For more than 15 years X-ray capillary optics have been used in analytics to concentrate tube radiation on µm-size spots [Carpenter, 1989; Yamamoto and Hosokawa, 1988; Haschke et.al, 2002]. This allows the analysis of small sample areas and the determination of elemental distributions with high spatial resolution. New analytical possibilities are opened because elemental analysis with X-Ray fluorescence on small spots requires only simple sample preparation and allows easy sample handling. The analytical result can be obtained quickly and independent of the size and shape of the sample. An additional advantage of this method is the high sensitivity for trace elements [Janssens et al., 2000; Haschke et al., 2002].
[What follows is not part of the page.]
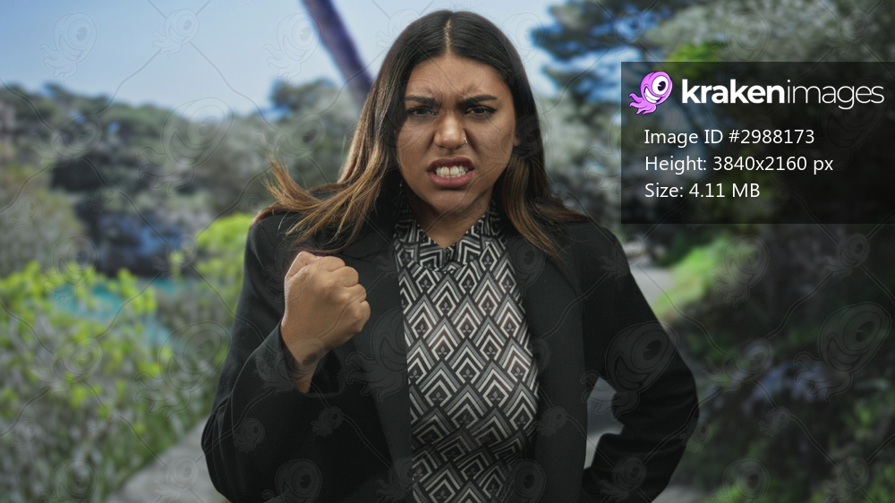 Woman rubbing eye and clenching fist on forest path, blazer and geometric top visible, hair flick and scoffing gesture; frustration defiance.

µ-XRF is used in many applications working with multiple material types, including the examination of minerals to determine the element distribution in geological samples, to study pigments in art objects, in forensic investigations and many others. Over the last few years µ-XRF has been able to show clearly its potential as analytical technique. As with all analytical techniques, µ-XRF is always subject to the pressure of increasing analytical performance including better sensitivity and resolution, higher speed of the measurement and better usability. With that target a concept for a new instrument has to take in to account the following issues:

Faster measurement with the same or even higher sensitivity can be achieved only with higher fluorescence intensity

The time for analysis can be reduced if the time for sample positioning is short

Data acquisition and handling should not limit the speed of the measurement

Furthermore this instrument should be adapted for applications in industry which requires a robust and failure safe design.

It will be shown how these requirements were realised for the development of a new instrument from Bruker Nano – the M4 Tornado (see figure 1) [Bruker webpage]. The general concept of this instrument will be discussed and its analytical performance will be documented for the examination of a Meteorite from Campo del Cielo.

286Copyright ©JCPDS-International Centre for Diffraction Data 2012 ISSN 1097-0002

Page 2: FAST ELEMENTAL MAPPING WITH MICRO-XRF...FAST ELEMENTAL MAPPING WITH MICRO-XRF Haschke, M.; Rossek, U.; Tagle, R.; Waldschläger, U. Bruker Nano GmbH, 12489 Berlin, Schwarzschildstr.12

Fig. 1: M4 Tornado

INSTRUMENT CONCEPT

The requirements for high speed mapping are examined in [Haschke and Waldschläger]. There it was found that not only spot size determines spatial resolution but also step size and accumulated intensity per pixel. Step size can be reduced to a quarter or to a fifth of spot size to improve the spatial resolution [Unser 2000]. In the case of sufficient intensity per pixel spatial resolution then can be even smaller than spot size, but it has to be considered that both of these factors increase measurement time significantly.

EXCITATION OF THE SAMPLE

For the excitation of the sample a fine focus X-Ray tube in combination with a poly-capillary optic is used. The poly-capillary optic can capture a large solid angle of tube radiation but only from a small area of the tube target – comparable to the spot size on the sample. Therefore the brilliance of the tube is an important parameter. It depends on the size of the illuminated area and on the tube power. Because most of the tube power is converted into heat on the target and the heat needs to be dissipated the relation of tube power to spot diameter is limited. Tube brilliance is proportional to tube power and to square of spot diameter. This means even for a reduced tube power the brilliance can be enhanced if the target spot size is sufficient reduced. In the M4 Tornado a Rhodium-side window tube with a spot size of < 50 µm is used with a maximum tube power of 30 W. In comparison to a tube with a spot size of 80 µm and 50 W this increases the brilliance by more than 50 %.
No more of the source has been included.